Template variables let workflows be parameterized at runtime, so you can scope a workflow to specific nodes or availability zones at invocation time without modifying the workflow definition.
Jobs and Orchestration
A job is a single execution of a workflow, bound to a specific cluster. Jobs are the thing you monitor, resume, and refer back to.
Jobs also support targeting, or running a workflow on a subset of a cluster's nodes rather than all of them. You can target an explicit list of nodes, a specific availability zone, or omit targeting to run against all nodes in a cluster.
Two parameters in the workflow YAML control how jobs run across the nodes in the cluster:
concurrency_unit controls how nodes are grouped for parallel execution. Setting it to zone means nodes are batched by availability zone, and a task won't run on nodes in multiple zones simultaneously. For a cluster with replication across three zones, this prevents a scenario where simultaneous node failures in multiple zones cause quorum loss.concurrency_limit caps how many nodes can be running a task at once, regardless of grouping. A limit of 1 means strictly serial execution within each batch; a limit of 3 allows up to three nodes to proceed in parallel.

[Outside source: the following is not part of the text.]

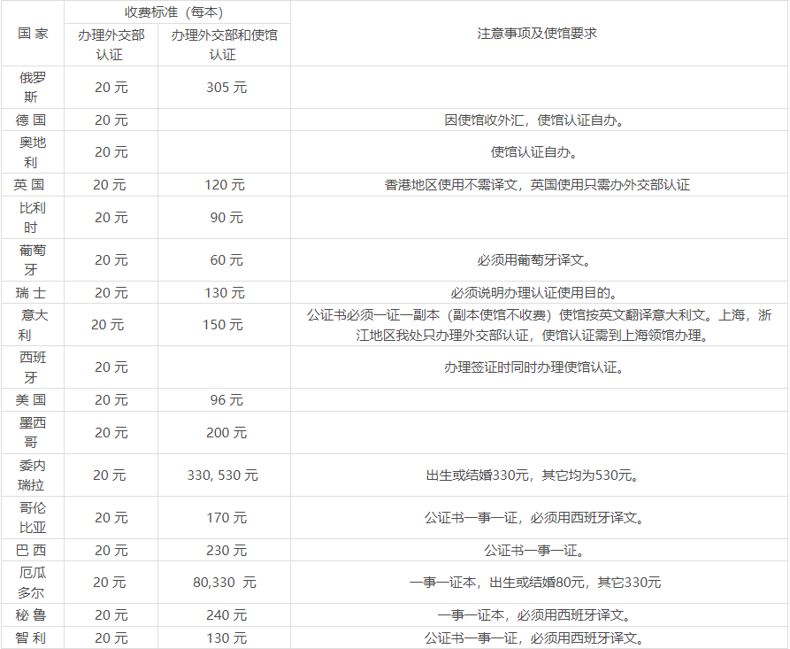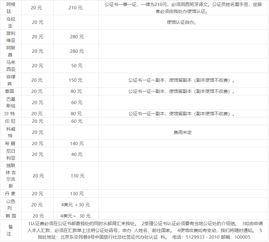 另,由于各國駐華使館對(duì)公證書認(rèn)證費(fèi)標(biāo)準(zhǔn)經(jīng)常做出更動(dòng),經(jīng)與中國旅行社總社簽證代辦處協(xié)商,今后各公證處可直接與該處電話聯(lián)系,詢問有關(guān)問題。

Together, these two parameters let you express things like "restart nodes one zone at a time, with at most two nodes restarting concurrently within a zone" without any custom orchestration logic.
Resumability
Any long-running operation across a large cluster will eventually be interrupted (e.g. a node becomes unreachable, an SSH connection times out, the engineer running the job closes their terminal). Before SCP, this interruption would mean starting over, or worse, manually reconstructing which nodes had already been touched and writing a one-off script to handle the remainder.
SCP tracks the state of every job in its own SQLite database, including which tasks have completed on which nodes, which are in progress, and which have failed. When a job is interrupted and resumed, it’s able to pick up from exactly where it left off. Completed tasks are not re-run, and tasks that were mid-execution when the interruption occurred are attempted again.
While we considered more complex state backends, the operational simplicity of a file-based database that lives alongside the binary won out. There's no external dependency to manage, the job state survives the process and restarts on its own, and the files themselves are small enough to inspect by hand when something goes wrong. Plus, we can always move to a distributed system down the road if we need it.
Error Classification
Not all errors are equal. Ideally, a task that fails due to a transient network timeout should be reattempted, while a task that detects data corruption or an unsafe cluster state should stop immediately and notify a human.
SCP distinguishes between recoverable and unrecoverable errors. Recoverable errors trigger the retry logic configured for that task in the workflow YAML. Unrecoverable errors halt the job immediately and fire a webhook notification to a designated ops channel in Discord, tagging the operator who invoked the job.
Getting this classification right is one of the trickier parts of writing a new task. Your natural instinct might be to mark everything as recoverable and let the auto-retries handle it, but a retry loop on a genuinely broken state can cause real harm. Task authors need to understand exactly what different failure modes mean for their specific operation.
Webhook notifications turned out to matter more than we initially expected. It turns out that running a two-hour rolling restart across a 30-node cluster while trusting the system to ping you if something goes wrong, is a wildly different experience than babysitting a terminal for two hours.